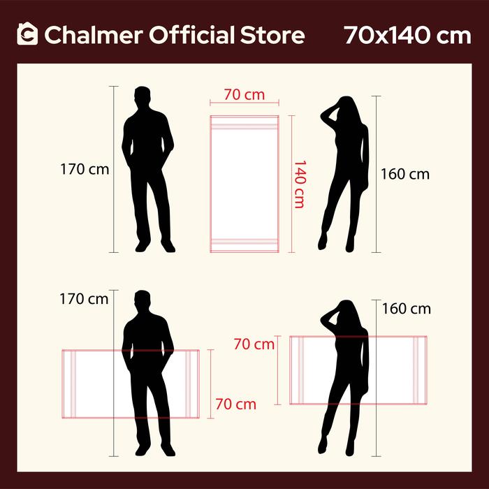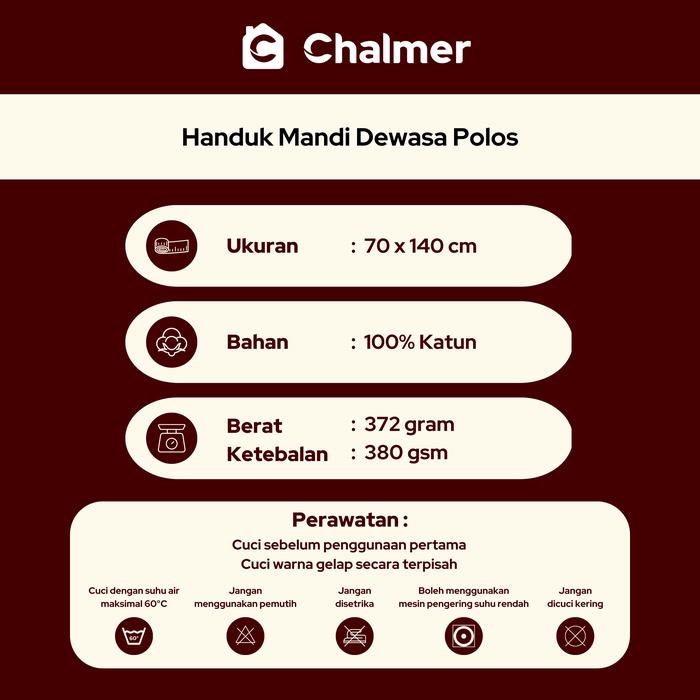 Chalmer Handuk Mandi Dewasa Bahan Kain Terry 70x140 cm Ukuran Besar Nyerap Air Maksimal - Putih
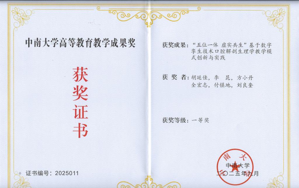 taptap“‘五位一体、虚实共生’口腔解剖生理学教学模式创新与实践”项目荣获taptap教学成果一等奖
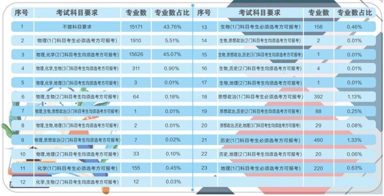 據(jù)了解,根據(jù)《甘肅省深化高等學??荚囌猩C合改革實施方案》要求,從 2021年秋季入學的普通高中一年級學生開始,實行基于統(tǒng)一高考和高中學業(yè)水平考試成績、參考綜合素質(zhì)評價的高??荚囌猩J?。到2024年,基本形成分類考試、綜合評價、多元錄取的高??荚囌猩贫龋∪龠M公平、科學選才、監(jiān)督有力的高??荚囌猩w制機制。此次在我省報送選考科目要求的高校專業(yè)共計64092條,其中本科專業(yè)34670條。專業(yè)選考科目要求共有23種組合,其中不提科目要求的本科專業(yè)數(shù)量占本科專業(yè)總數(shù)的43.76%,含物理科目的占比為51.79%,含化學科目的占比為46.46%,含歷史科目的占比為1.74%,含“物理+化學”科目的占比為45.98%。
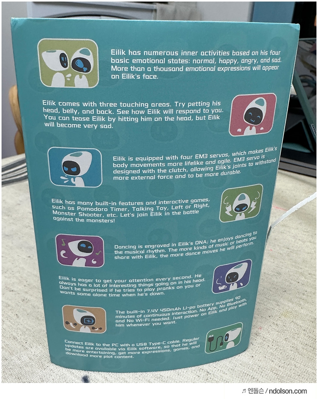 책상위에 두고 괴롭히기 좋은 에일릭 로봇은 다리가 없어 걷지 못합니다. 하지만 각 부분 센서가 동작해서 머리와 등, 배를 만지면 동작합니다. 또 책상을 세게 치거나 머리를 때리면 울어 버립니다. 삐지기도 일쑤입니다.
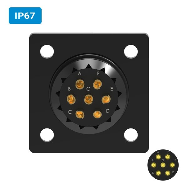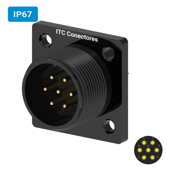 Conector militar H25 macho para painel IP67 7 vias 6 amperes
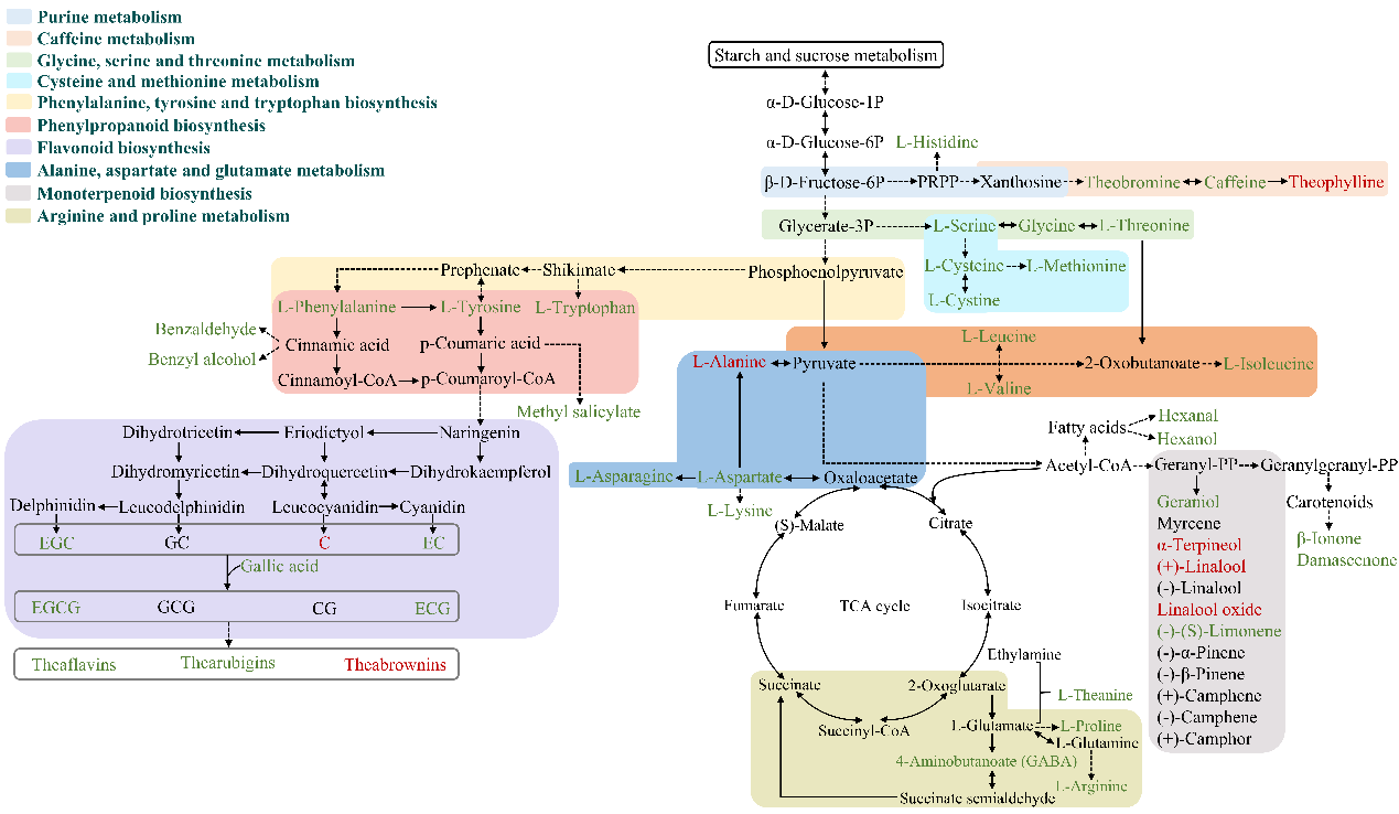 GC-MS分析结果显示,秋茶中醇类挥发性成分的含量在冠突散囊菌PW-1发酵后显著增加,其中呈花果香味的(Z)-芳樟醇氧化物、芳樟醇、(E)-樟醇氧化物(呋喃型)和 1-辛烯-3-的含量最高,表明菌株PW-1显著提升了秋茶的香气品质。代谢途径分析结果显示,冠突散囊菌PW-1提升秋茶品质主要与丙氨酸、天冬氨酸和谷氨酸代谢途径,甘氨酸、丝氨酸和苏氨酸代谢途径,氨酰-tRNA 生物合成途径,精氨酸生物合成途径以及精氨酸和脯氨酸代谢途径的表达相关。
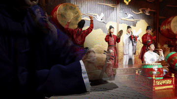 2006年4月,东仓鼓乐社入驻大唐芙蓉园紫云楼,开始固定演出。2021年大年初一,一部融合了西安鼓乐、大唐乐舞、戏剧情节以及现代声光电技术等元素的创新舞台剧《鼓》和观众初次见面。炫目的舞台效果、华美的妆造服饰令人拍手叫绝,流连忘返。
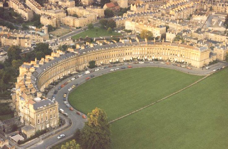 巴斯的許多古老壯觀的建筑都出自約翰•伍德父子之手,父親老約翰•伍德在18世紀(jì)設(shè)計(jì)巴斯的城市規(guī)劃時(shí),建造了一座象征太陽的圓形廣場和一座象征月亮的皇家新月樓,兩者之間由布魯克大街連接,自此,這種以圓形或新月形廣場配置街屋的形式蔚為風(fēng)潮,對倫敦和蘇格蘭的愛丁堡的城市規(guī)劃都產(chǎn)生了很大的影響。

--------

**What to do:**
All records above should be duplicated exactly, with the pictures omitted.

**Answer for this exercise:**
 Chalmer Handuk Mandi Dewasa Bahan Kain Terry 70x140 cm Ukuran Besar Nyerap Air Maksimal - Putih
 taptap“‘五位一体、虚实共生’口腔解剖生理学教学模式创新与实践”项目荣获taptap教学成果一等奖
 據(jù)了解,根據(jù)《甘肅省深化高等學??荚囌猩C合改革實施方案》要求,從 2021年秋季入學的普通高中一年級學生開始,實行基于統(tǒng)一高考和高中學業(yè)水平考試成績、參考綜合素質(zhì)評價的高??荚囌猩J?。到2024年,基本形成分類考試、綜合評價、多元錄取的高??荚囌猩贫龋∪龠M公平、科學選才、監(jiān)督有力的高??荚囌猩w制機制。此次在我省報送選考科目要求的高校專業(yè)共計64092條,其中本科專業(yè)34670條。專業(yè)選考科目要求共有23種組合,其中不提科目要求的本科專業(yè)數(shù)量占本科專業(yè)總數(shù)的43.76%,含物理科目的占比為51.79%,含化學科目的占比為46.46%,含歷史科目的占比為1.74%,含“物理+化學”科目的占比為45.98%。
 책상위에 두고 괴롭히기 좋은 에일릭 로봇은 다리가 없어 걷지 못합니다. 하지만 각 부분 센서가 동작해서 머리와 등, 배를 만지면 동작합니다. 또 책상을 세게 치거나 머리를 때리면 울어 버립니다. 삐지기도 일쑤입니다.
 Conector militar H25 macho para painel IP67 7 vias 6 amperes
 GC-MS分析结果显示,秋茶中醇类挥发性成分的含量在冠突散囊菌PW-1发酵后显著增加,其中呈花果香味的(Z)-芳樟醇氧化物、芳樟醇、(E)-樟醇氧化物(呋喃型)和 1-辛烯-3-的含量最高,表明菌株PW-1显著提升了秋茶的香气品质。代谢途径分析结果显示,冠突散囊菌PW-1提升秋茶品质主要与丙氨酸、天冬氨酸和谷氨酸代谢途径,甘氨酸、丝氨酸和苏氨酸代谢途径,氨酰-tRNA 生物合成途径,精氨酸生物合成途径以及精氨酸和脯氨酸代谢途径的表达相关。
 2006年4月,东仓鼓乐社入驻大唐芙蓉园紫云楼,开始固定演出。2021年大年初一,一部融合了西安鼓乐、大唐乐舞、戏剧情节以及现代声光电技术等元素的创新舞台剧《鼓》和观众初次见面。炫目的舞台效果、华美的妆造服饰令人拍手叫绝,流连忘返。
 巴斯的許多古老壯觀的建筑都出自約翰•伍德父子之手,父親老約翰•伍德在18世紀(jì)設(shè)計(jì)巴斯的城市規(guī)劃時(shí),建造了一座象征太陽的圓形廣場和一座象征月亮的皇家新月樓,兩者之間由布魯克大街連接,自此,這種以圓形或新月形廣場配置街屋的形式蔚為風(fēng)潮,對倫敦和蘇格蘭的愛丁堡的城市規(guī)劃都產(chǎn)生了很大的影響。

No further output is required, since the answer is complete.